Although the WHO recognises urban environments can provide “great opportunities for individuals and families to prosper,” they can also harm our health in many ways, if the infrastructure and lifestyle in these urban sectors aren’t improved.

Some of the challenges the WHO cites as being problematic in urban areas are “overcrowding; air pollution; rising levels of risk factors like tobacco use, unhealthy diet, physical inactivity and the harmful use of alcohol; road traffic injuries; inadequate infrastructure, transport facilities, solid waste management systems; and insufficient access to health facilities in slum areas.”

According to the WHO, more than half of the world’s population now lives in urban areas, something that has never before happened in our history. They note that about 34% of the total population of the WHO’s South-East Asia Region is urban.

This year’s World Health Day aims to promote finding solutions to the roots of urban health issues and to “build partnerships with multiple sectors of society to make cities healthier.”

But improving urban sectors does not just benefit health, but is an economically sound proposal. The WHO estimates that “every $1 spent on sanitation gives a return of US$ 9.10 in terms of prevention and treatment of illnesses. Improved transportation, infrastructure and greener technologies enhance urban quality of life, including fewer respiratory ailments and accidents and better health for all.”

WHO Representative to the Maldives Dr Jorge Mario Luna says the solution to many of the health issues exacerbated by overcrowding, pollution, inactivity and unhealthy diets, violence and injury is proper urban planning.

“Proper urban planning can promote healthy behaviours and safety through investment in active transport, designing areas to promote physical activity and passing regulatory controls on tobacco and food safety. Improving urban living conditions in the areas of housing, water and sanitation will go a long way to mitigating health risks. Building inclusive cities that are accessible and age-friendly will benefit all urban residents.”

He added that “such actions do not necessarily require additional funding, but commitment to redirect resources to priority interventions, thereby achieving greater efficiency.”

Malé Health Fair

With this in mind, this year’s campaign is promoting ‘greener’ and healthier lifestyle options, which will be  showcased in Malé’s Health Fair, to be held on Saturday 10 April from 4:00-6:30 pm, and then from 8:00-10:30 pm in different locations around the city.

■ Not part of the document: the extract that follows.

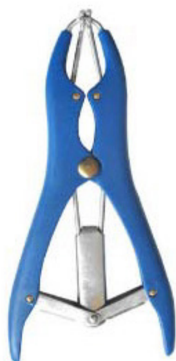
Band Castrator - Blue V-3607-

There will be activities held in Ameenee Park, Children’s Park, the Social Center, and other locations around Malé, Hulhumalé and Vilingili.

Some of the activities include free sporting events like dodge-ball and gymnastics; public awareness demonstrations on first aid and sanitation; food preparation counselling for kids; quizzes and puzzles; medical check-ups at ADK hospital; and distribution of information on living a healthier life.

On Friday 9 April there will be a ‘bicycle round’ where senior government officials and other volunteers will join in bicycle round of Malé.

The ‘round’ will start at the Artificial Beach at 4:00 pm and will follow a westerly route, for about half an hour, along Boduthakurufaan Magu, ending at Licence Sarahahdhu near IGMH.

A full schedule of events will be available at the WHO website and the Ministry of Health and Family website from tomorrow.